> **Task brief**
Taking the line that contains "Tramonto Nel Centro" as the start and the last line of the data as the end, repeat exactly every line in that span, but no pictures.

> **Available data**
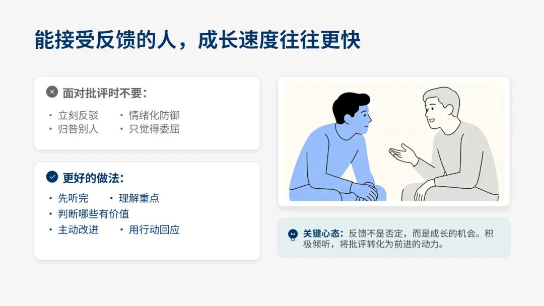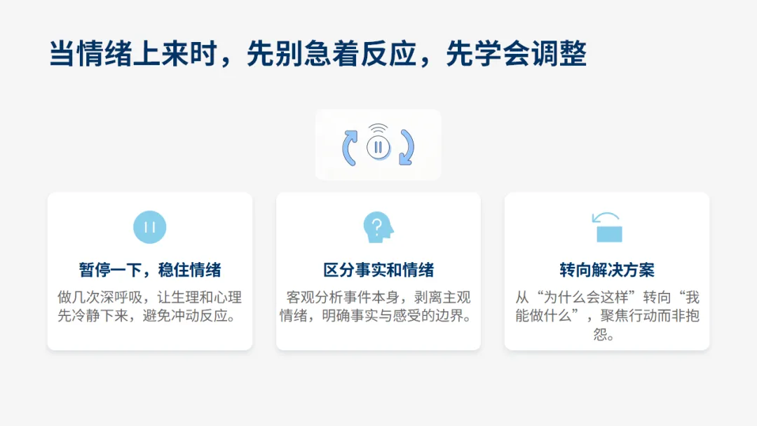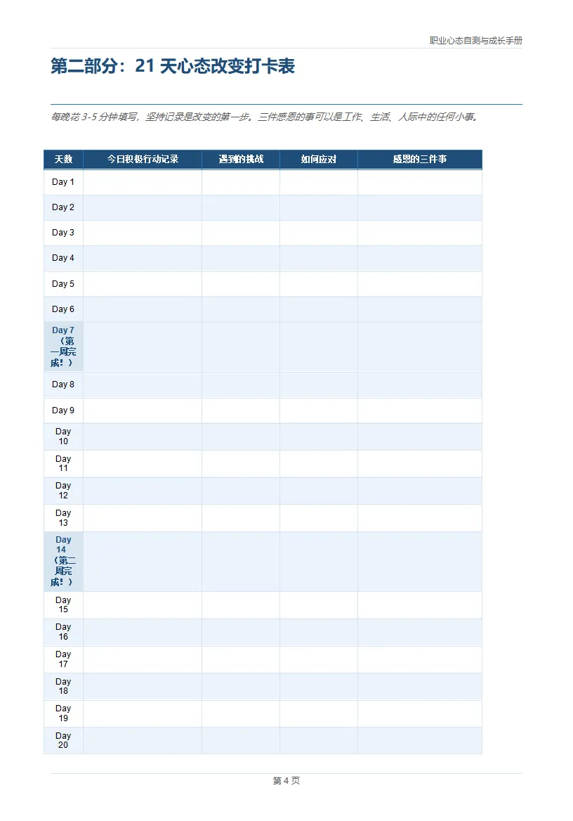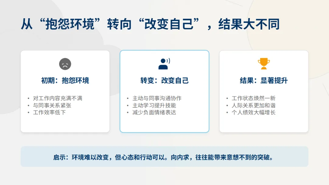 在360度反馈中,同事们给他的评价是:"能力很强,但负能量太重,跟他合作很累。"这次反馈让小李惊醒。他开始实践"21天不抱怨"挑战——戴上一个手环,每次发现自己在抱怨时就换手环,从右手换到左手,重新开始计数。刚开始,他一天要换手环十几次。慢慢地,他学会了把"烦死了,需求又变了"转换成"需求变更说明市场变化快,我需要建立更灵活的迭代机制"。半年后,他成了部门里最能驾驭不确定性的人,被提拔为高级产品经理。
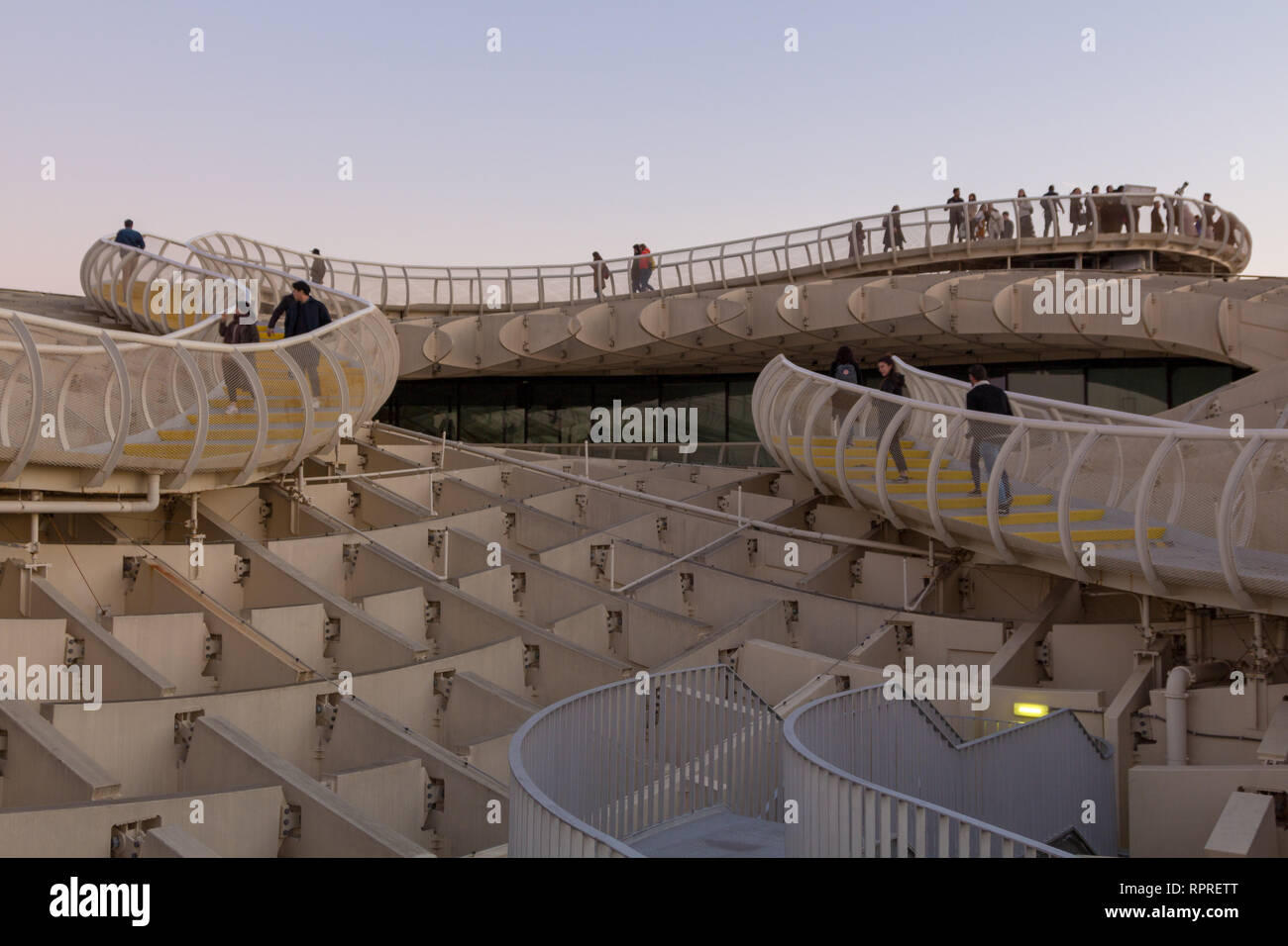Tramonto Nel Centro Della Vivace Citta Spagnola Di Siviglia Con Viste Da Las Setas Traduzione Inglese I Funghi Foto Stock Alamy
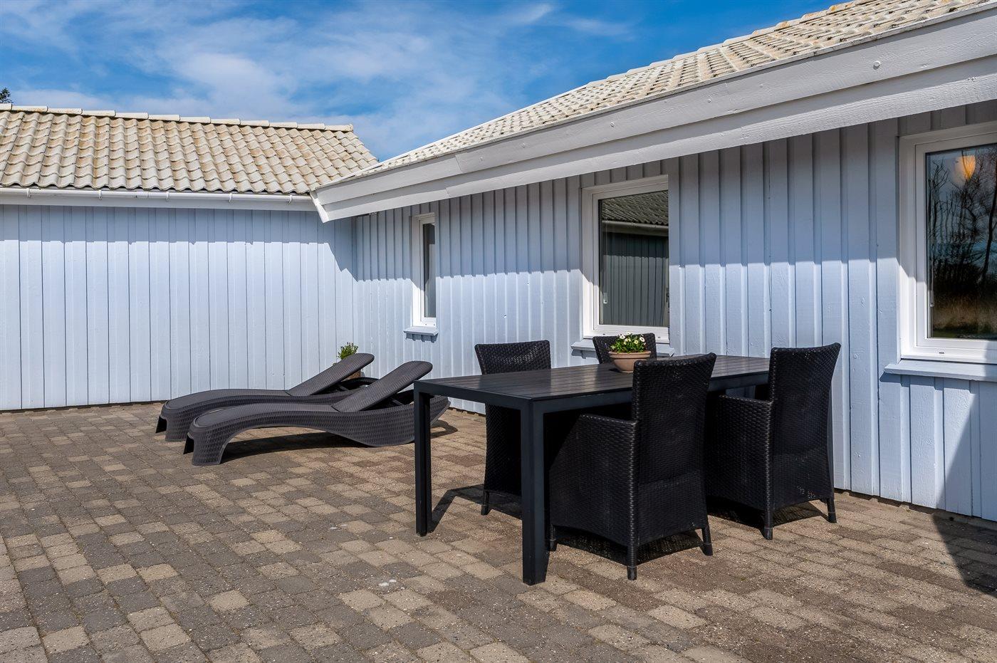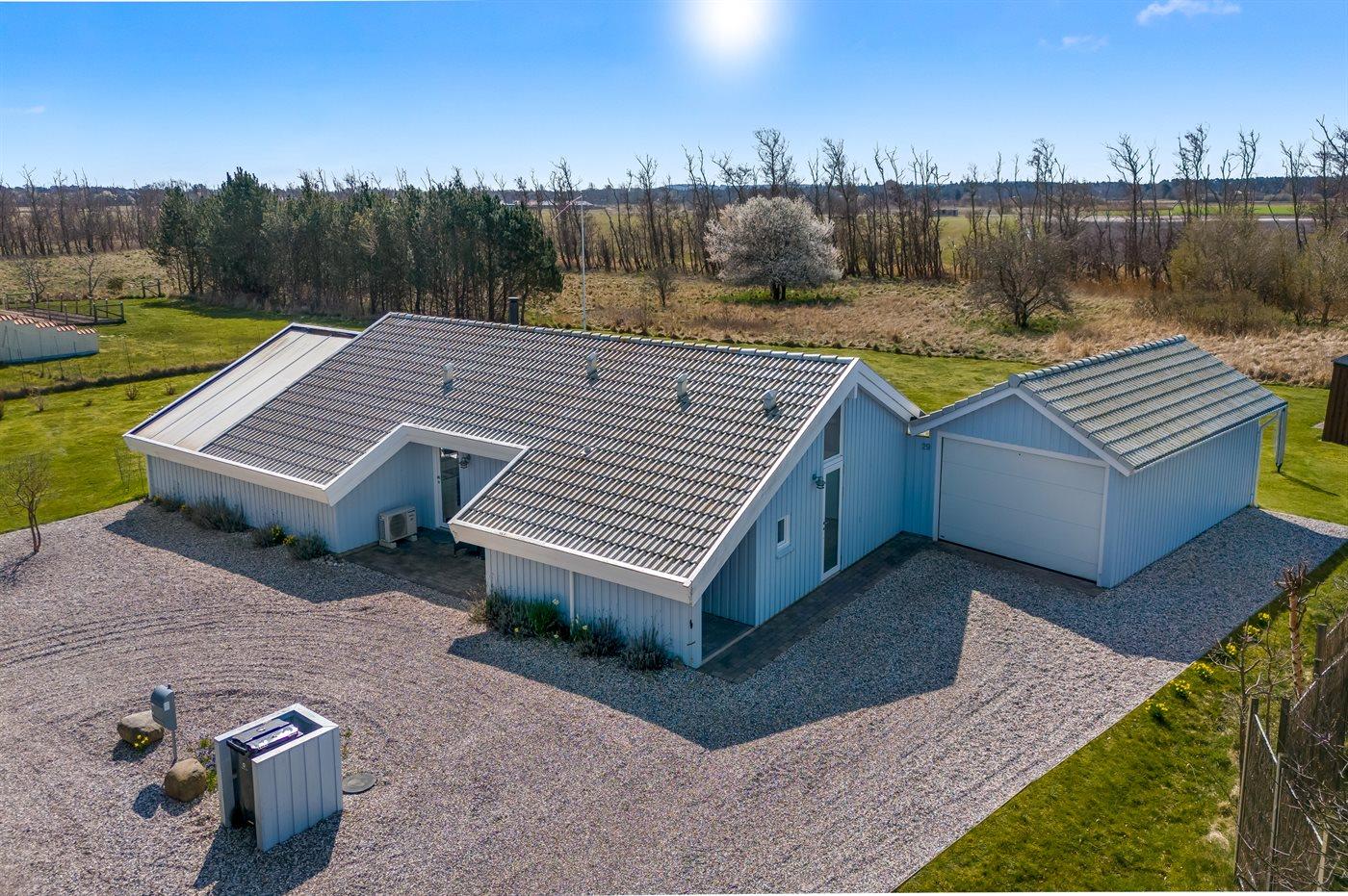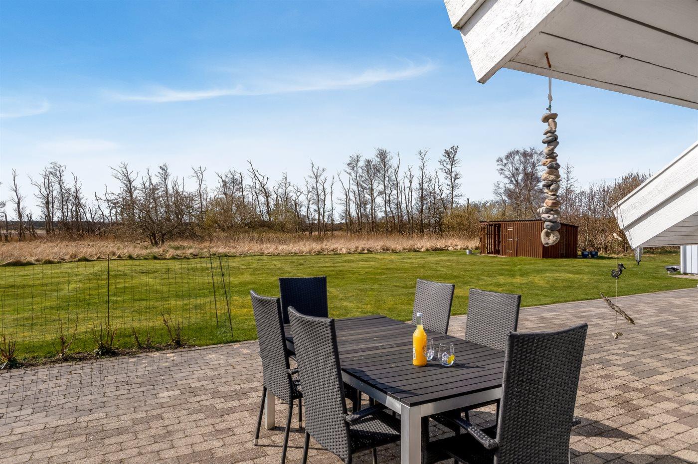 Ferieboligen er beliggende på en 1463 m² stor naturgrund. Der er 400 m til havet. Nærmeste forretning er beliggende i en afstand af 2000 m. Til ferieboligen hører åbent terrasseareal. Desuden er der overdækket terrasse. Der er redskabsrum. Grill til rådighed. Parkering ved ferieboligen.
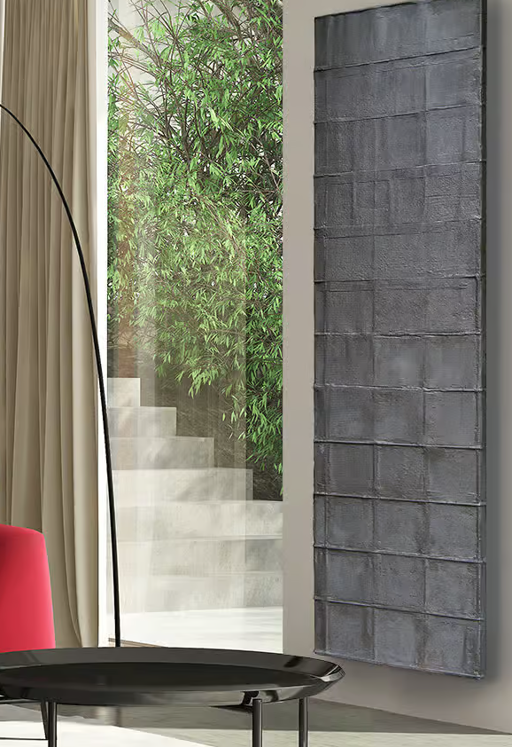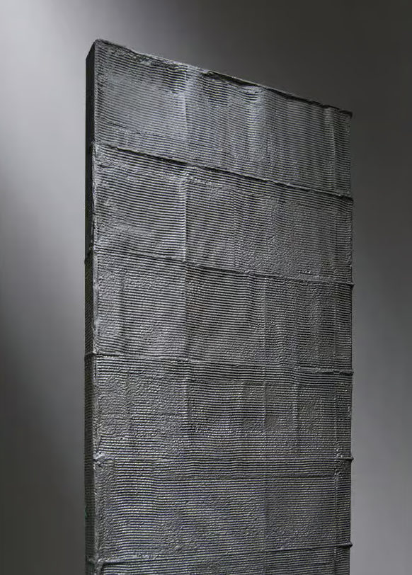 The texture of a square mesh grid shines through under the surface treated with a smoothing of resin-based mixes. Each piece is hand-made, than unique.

> **Response for this exercise**
Tramonto Nel Centro Della Vivace Citta Spagnola Di Siviglia Con Viste Da Las Setas Traduzione Inglese I Funghi Foto Stock Alamy
 Ferieboligen er beliggende på en 1463 m² stor naturgrund. Der er 400 m til havet. Nærmeste forretning er beliggende i en afstand af 2000 m. Til ferieboligen hører åbent terrasseareal. Desuden er der overdækket terrasse. Der er redskabsrum. Grill til rådighed. Parkering ved ferieboligen.
 The texture of a square mesh grid shines through under the surface treated with a smoothing of resin-based mixes. Each piece is hand-made, than unique.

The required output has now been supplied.